Within the entries below, output exactly the lines between the line containing "第一种通过自定义类实现Com" and the line containing "Within a short", inclusive, and omit any picture.

*** Opening of Working data ***

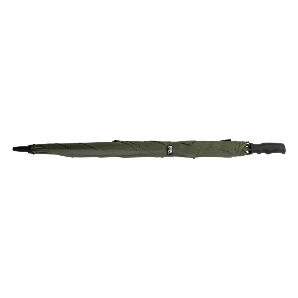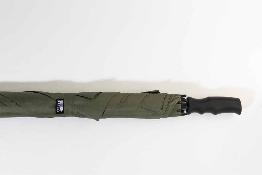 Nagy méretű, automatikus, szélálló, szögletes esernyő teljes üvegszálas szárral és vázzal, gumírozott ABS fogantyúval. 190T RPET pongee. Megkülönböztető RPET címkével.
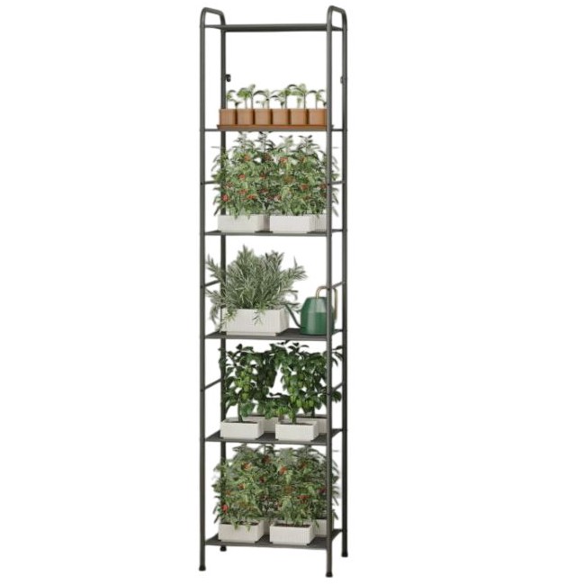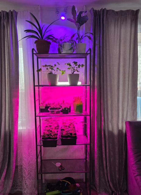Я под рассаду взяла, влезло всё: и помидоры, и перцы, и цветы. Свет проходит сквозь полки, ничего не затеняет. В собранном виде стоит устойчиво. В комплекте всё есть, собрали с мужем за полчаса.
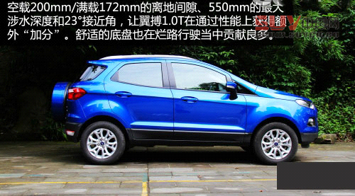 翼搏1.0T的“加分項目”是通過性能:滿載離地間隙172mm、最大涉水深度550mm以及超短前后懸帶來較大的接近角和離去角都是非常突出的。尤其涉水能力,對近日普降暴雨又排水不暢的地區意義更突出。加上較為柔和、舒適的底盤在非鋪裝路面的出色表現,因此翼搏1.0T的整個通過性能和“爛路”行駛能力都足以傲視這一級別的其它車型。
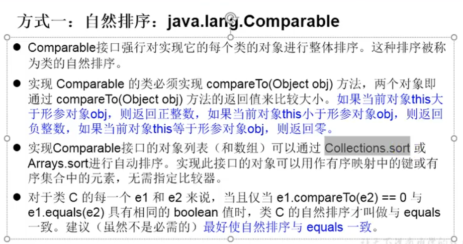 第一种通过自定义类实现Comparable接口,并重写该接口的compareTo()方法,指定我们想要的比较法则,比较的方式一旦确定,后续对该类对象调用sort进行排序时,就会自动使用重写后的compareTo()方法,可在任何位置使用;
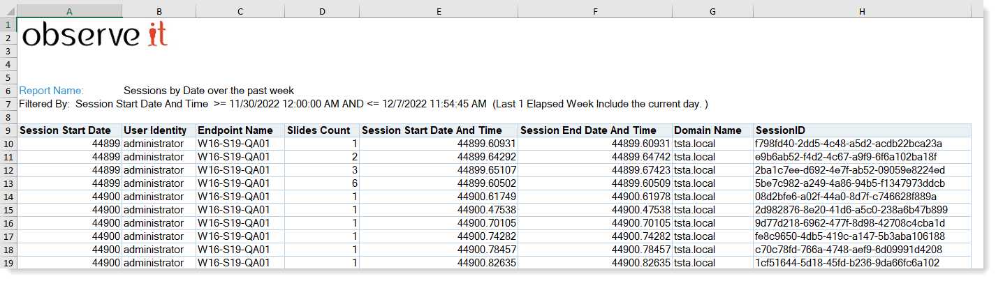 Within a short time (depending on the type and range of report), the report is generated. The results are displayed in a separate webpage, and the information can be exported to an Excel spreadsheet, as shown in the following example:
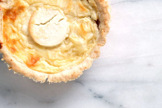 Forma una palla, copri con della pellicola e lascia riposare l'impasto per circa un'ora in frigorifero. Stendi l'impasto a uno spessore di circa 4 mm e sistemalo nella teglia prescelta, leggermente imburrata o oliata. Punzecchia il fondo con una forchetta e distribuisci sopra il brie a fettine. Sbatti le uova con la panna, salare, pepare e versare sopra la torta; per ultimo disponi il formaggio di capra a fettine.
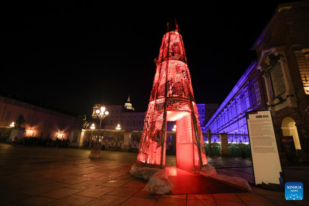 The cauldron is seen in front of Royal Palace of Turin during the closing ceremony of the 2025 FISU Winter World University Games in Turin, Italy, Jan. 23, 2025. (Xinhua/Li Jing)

*** Close of Working data ***

Worked solution:
 第一种通过自定义类实现Comparable接口,并重写该接口的compareTo()方法,指定我们想要的比较法则,比较的方式一旦确定,后续对该类对象调用sort进行排序时,就会自动使用重写后的compareTo()方法,可在任何位置使用;
 Within a short time (depending on the type and range of report), the report is generated. The results are displayed in a separate webpage, and the information can be exported to an Excel spreadsheet, as shown in the following example:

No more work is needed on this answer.